» **What you should do**: Your copy of the data below must be exact and must leave out all pictures.

» **Data provided**:
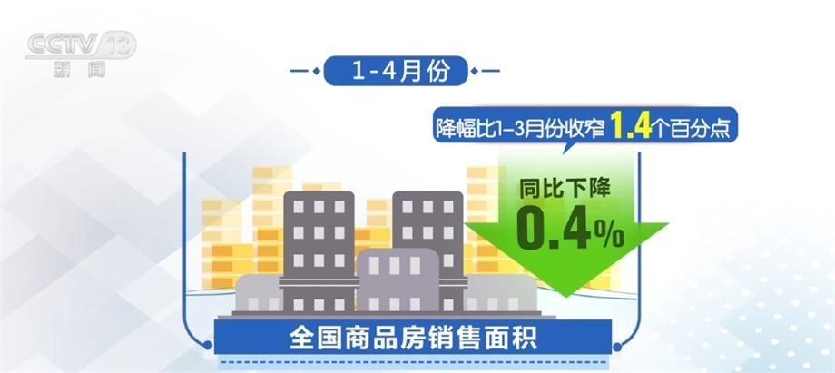 從銷售看,隨著政策效應(yīng)逐步顯現(xiàn),以及前期疫情積累的需求釋放,1—4月份,全國商品房銷售面積同比下降0.4%,降幅比1—3月份收窄1.4個百分點(diǎn)。銷售額增長8.8%,增速比1—3月份加快4.7個百分點(diǎn)。
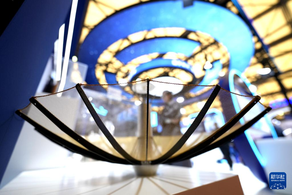 3月12日在2026首届上海商业航天大会暨展览会上拍摄的一款柔性金属网伞状天线。
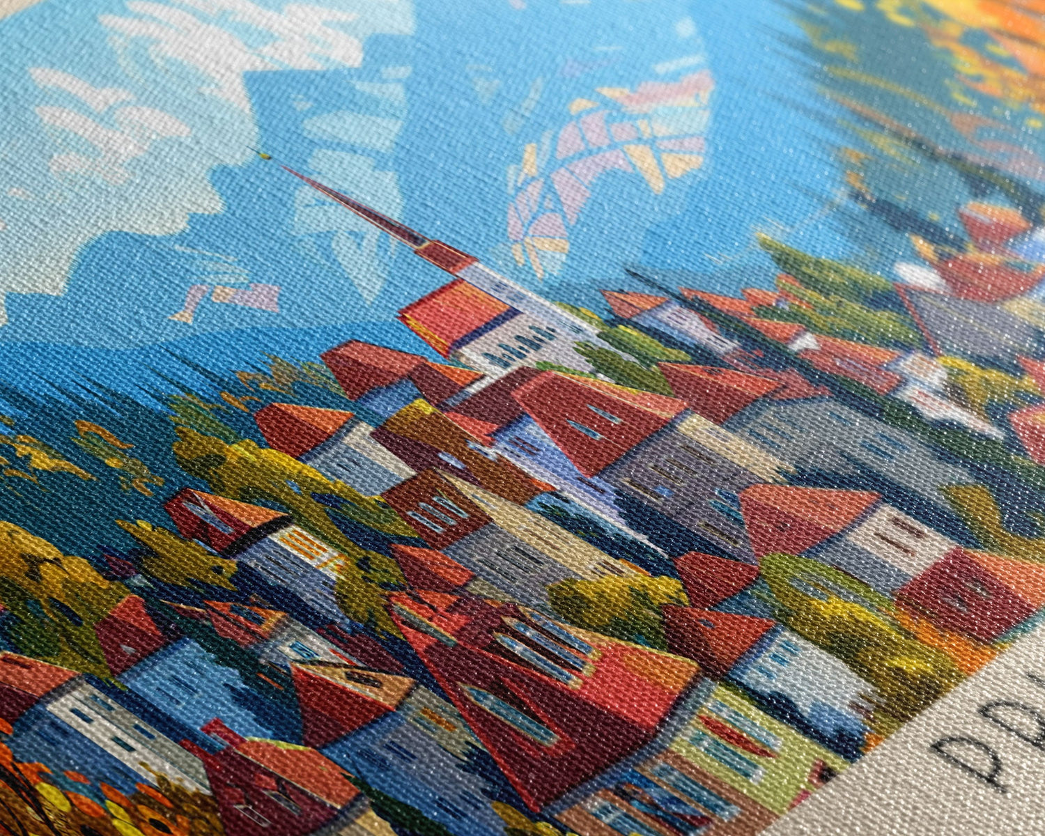 Most of our canvases are made in the USA, with the exception of canvases ordered with the light oak unstained frames, and any large canvases (24x48, 30x60, 16x48 and 20x60) ordered WITH a frame. These are temporarily made in and shipped from Europe, while we try to find a more consistent supplier in the USA.

» **Task output**:
 從銷售看,隨著政策效應(yīng)逐步顯現(xiàn),以及前期疫情積累的需求釋放,1—4月份,全國商品房銷售面積同比下降0.4%,降幅比1—3月份收窄1.4個百分點(diǎn)。銷售額增長8.8%,增速比1—3月份加快4.7個百分點(diǎn)。
 3月12日在2026首届上海商业航天大会暨展览会上拍摄的一款柔性金属网伞状天线。
 Most of our canvases are made in the USA, with the exception of canvases ordered with the light oak unstained frames, and any large canvases (24x48, 30x60, 16x48 and 20x60) ordered WITH a frame. These are temporarily made in and shipped from Europe, while we try to find a more consistent supplier in the USA.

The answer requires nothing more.